Selain itu, jumlah backlog perumahan di Indonesia yang mencapai 13,5 juta unit rumah pada tahun 2014 tidak diimbangi dengan pasokan yang hanya sebesar 400.000 unit per tahun. ketimpangan suplai itu menyebabkan harga rumah di Indonesia melambung tinggi serta tak terjangkau bagi masyarakat berpenghasilan rendah.
“Keterlibatan pihak ketiga dalam hal ini bank sangat diperlukan melalui KPR, tapi ini belum jelas,” tuturnya.

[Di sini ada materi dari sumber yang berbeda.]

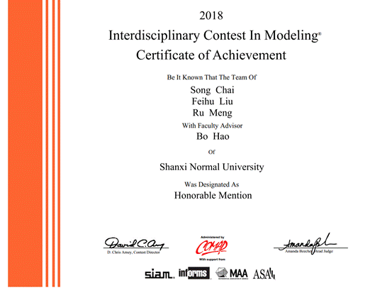 近日,2018年美国大学生数学建模竞赛(MCM/ICM)成绩揭晓,我院学生首次参赛取得了优异成绩,荣获二等奖1项,三等奖6项。
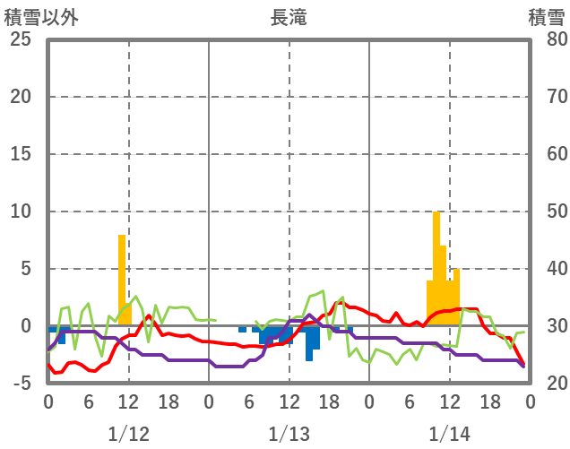| 日 | 時 | 気温 | 降水 | 風向/風速 | 日照 | 積雪 | 降雪 |
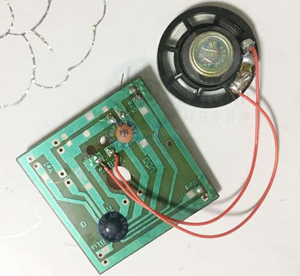 2,語(yǔ)音芯片電路中正負(fù)極的104電容(0.1uF),除極少數(shù)簡(jiǎn)易功能芯片在紐扣電池4.5V以下供電時(shí),都不能省去,否則會(huì)引發(fā)不發(fā)聲音,聲音中斷,雜音等不良情況。
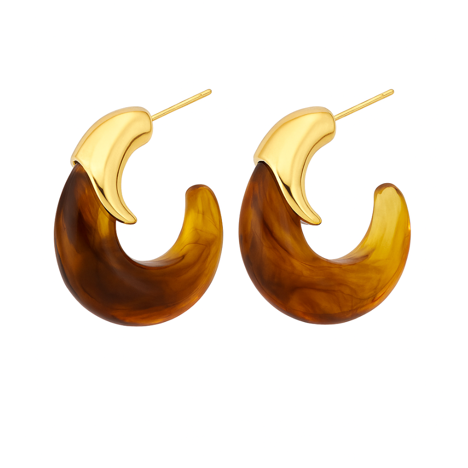 Aretes curvos en resina ámbar con detalle dorado
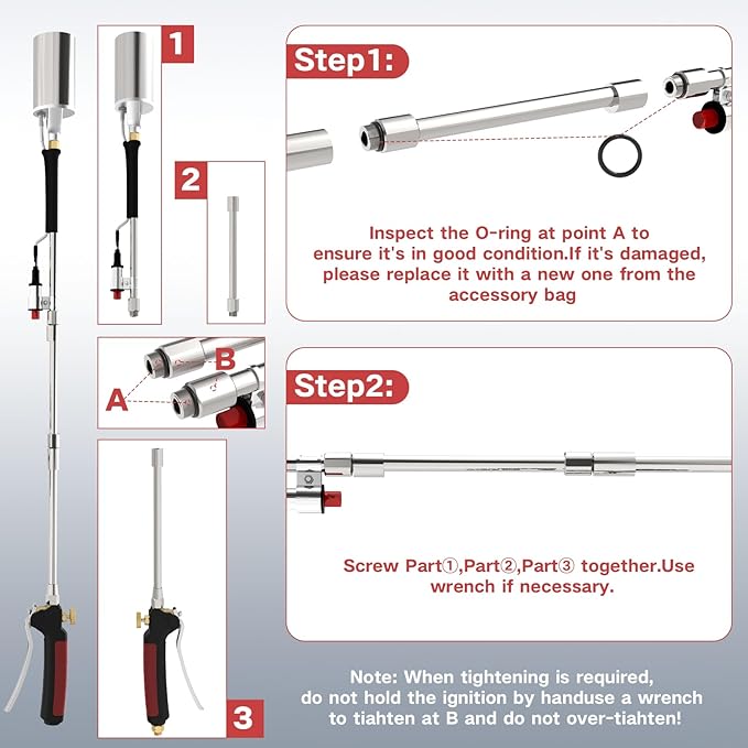 - 【Package List 】Propane Torch Weed Burner Kit: 1*Propane Weed Torch+1*10ft Stainless steel braided propane hose+2*Replacement Rubber Ring+1*Roll Sealing Tape+1*Wrench. If you are not satisfied with our product and any questions, we will contact you as soon as possible to provide you with a satisfactory solution.
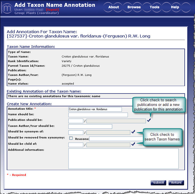 access the Taxon Name Search/Select table. - Additional information: Enter more text here if needed to explain the annotation.
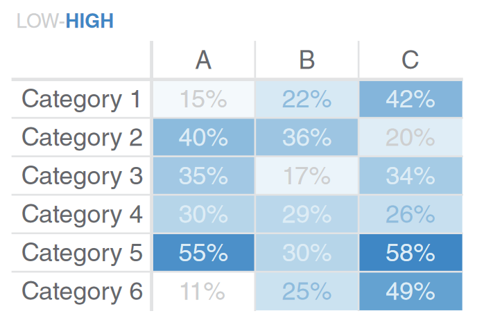 Als Heatmap-Diagramm bezeichnen wir besondere tabellarische Darstellungen, bei denen die Werte zusätzlich auf Basis ihrer Ausprägung hervorgehoben werden.

Keterlibatan bank dalam penyediaan properti ternyata tidak menjamin proses penyediaan rumah dan KPR bebas masalah. Apalagi, selama Penelitiannya masalah Perjanjian Kerja Sama (PKS) tak memberikan perlindungan konsumen.
“Adanya pembatasan pemilihan produk, kurangnya koordinasi antara Otoritas Jasa Keuangan (OJK) dengan Kementerian Pekerjaan Umum Perumahan Rakyat (PU-Pera) dalam praktik lapangan,” tuturnya. (mer)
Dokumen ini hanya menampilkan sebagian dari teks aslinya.